Apakah FOMO Mendorong Orang Beli Tiket Ini?

Sebagian besar, iya. Budi Satria dari Universitas Bhayangkara Jakarta Raya meneliti fenomena ini dalam konteks pariwisata: wisatawan yang terpapar foto dan cerita pengalaman dari teman atau influencer "sering kali merasa terdorong untuk mengunjungi destinasi atau moda transportasi yang sedang instagrammable guna menghindari perasaan ketinggalan."

Toilet kereta panoramic dengan desain marmer dan sensor otomatis
Toilet kereta panoramic dengan desain marmer dan sensor otomatis

Kereta Panoramic adalah contoh sempurna produk yang fotonya jauh lebih merata tersebar di media sosial dibanding pengalaman perjalanannya yang sesungguhnya termasuk bagian tentang malam gelap dan pilar kaca.

Kalau kamu mau yang lebih terjangkau untuk mobilitas sehari-hari di kawasan Jawa Timur, cara naik transportasi umum yang efisien di era tren transport umum 2026 bisa jadi bahan bacaan yang pas untuk melengkapi perjalananmu.

Kereta Panoramic rute Jatim itu worth it tapi hanya kalau kamu naik KA Argo Wilis di siang hari dan duduk di kursi bernomor ganjil. Kondisi sebaliknya menghasilkan cerita yang berbeda.

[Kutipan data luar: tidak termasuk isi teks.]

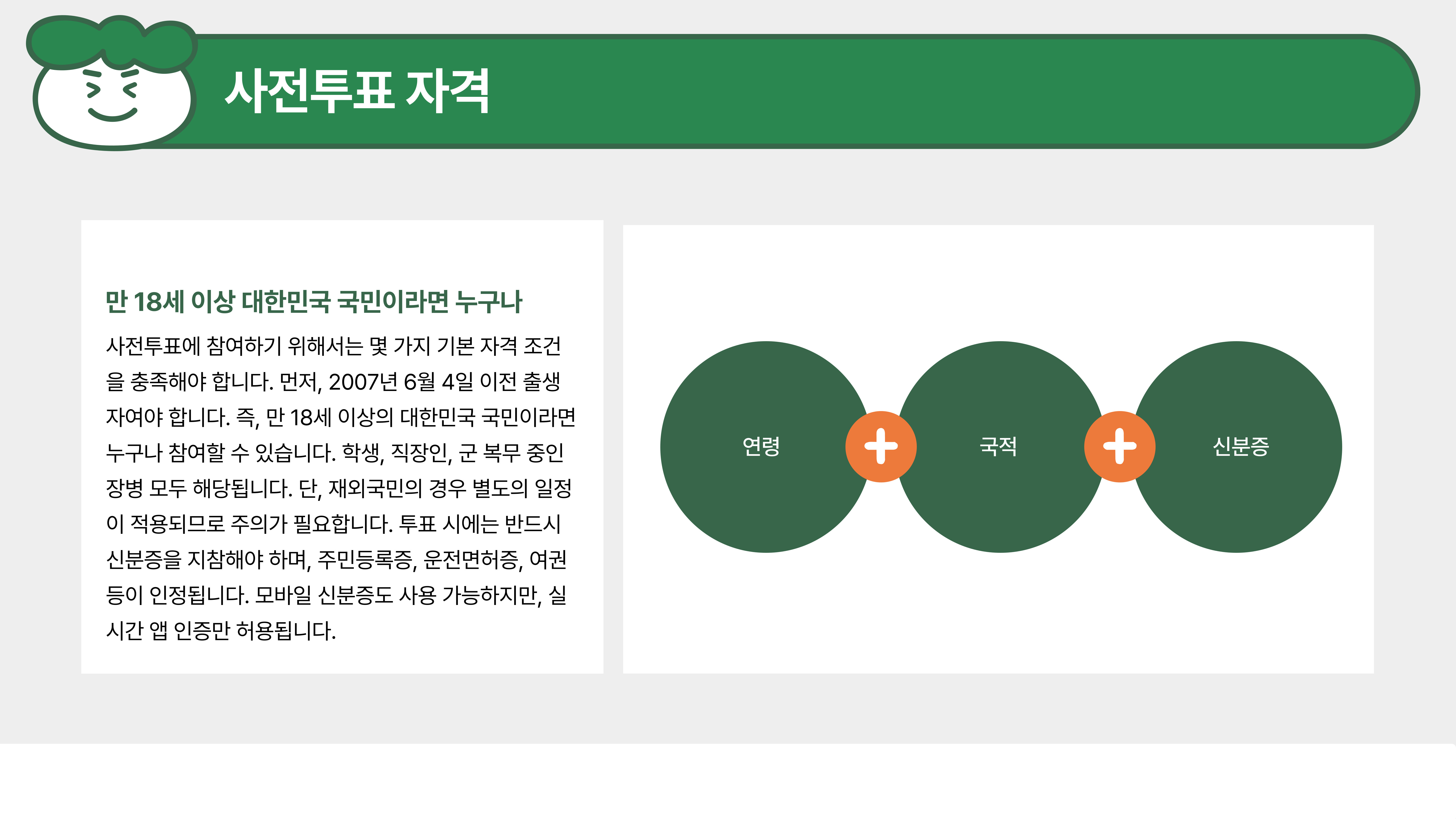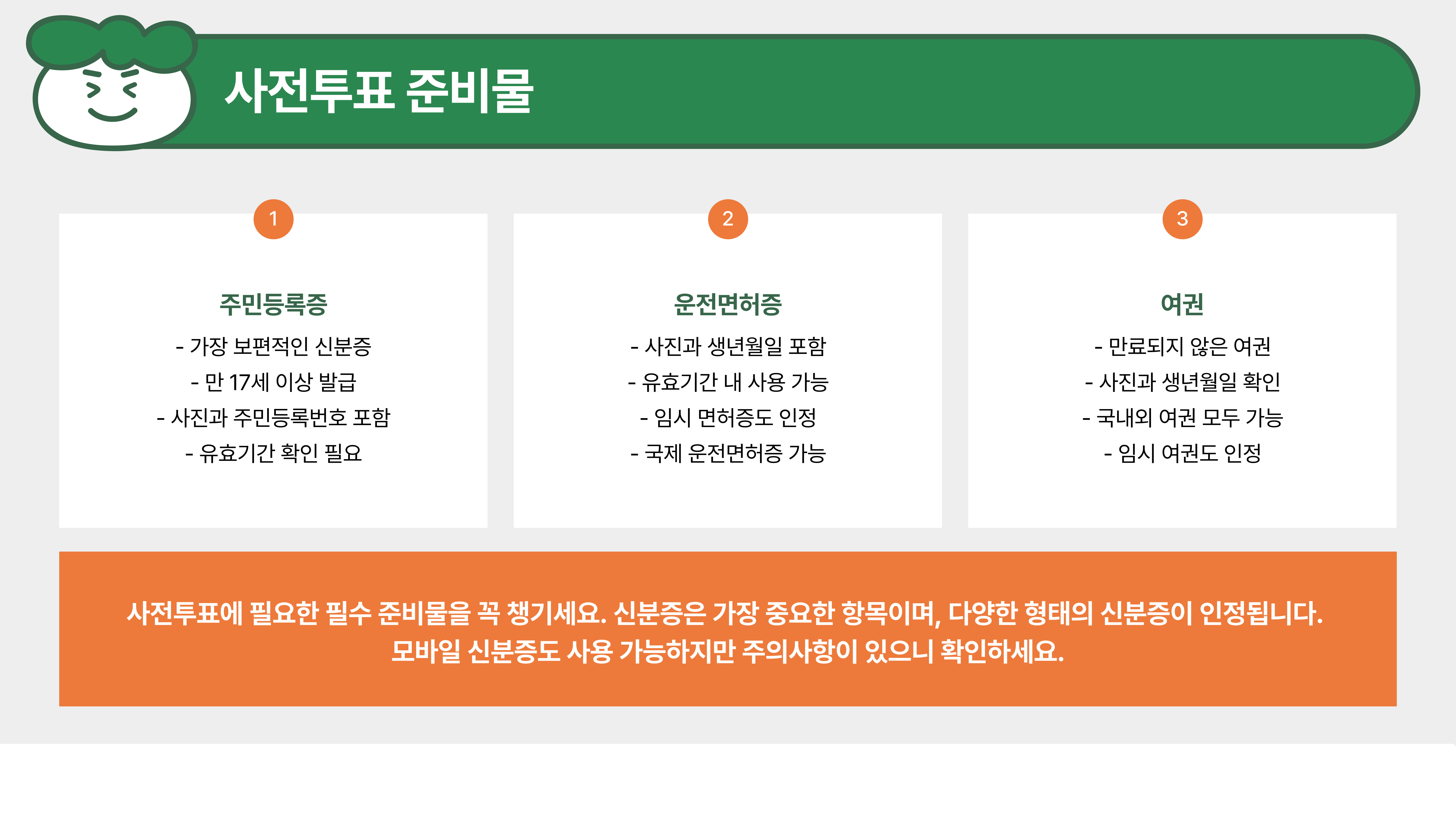 사전투표를 위해 꼭 챙겨야 할 것이 있어요. 가장 중요한 건 신분증입니다.

Fasilitasnya bukan tipu-tipu, pengalamannya bisa sangat memorable tapi seperti banyak hal yang viral, ada detail penting yang tidak muncul di foto Instagram orang.

 

DAFTAR SUMBER

  1. Satria, Budi. (2024). Menghadapi FOMO (Fear of Missing Out) dalam Wisata: Peran Media Sosial dalam Pembentukan Preferensi Destinasi. Jurnal Psikologi Atribusi, Vol. 2, No. 2. Universitas Bhayangkara Jakarta Raya.
  2. Pernyataan Resmi VP Public Relations PT KAI (Persero) terkait Spesifikasi Kaca Duplex Tempered Kereta Panoramic.
  3. Yudi, Mohamad Adijasa. "1,1 JUTA UNTUK KEGELAPAN MALAM KERETA PANORAMIC Naik KA Turangga Surabaya-Bandung Worth It?" Ulasan Video Dokumenter Transportasi, YouTube.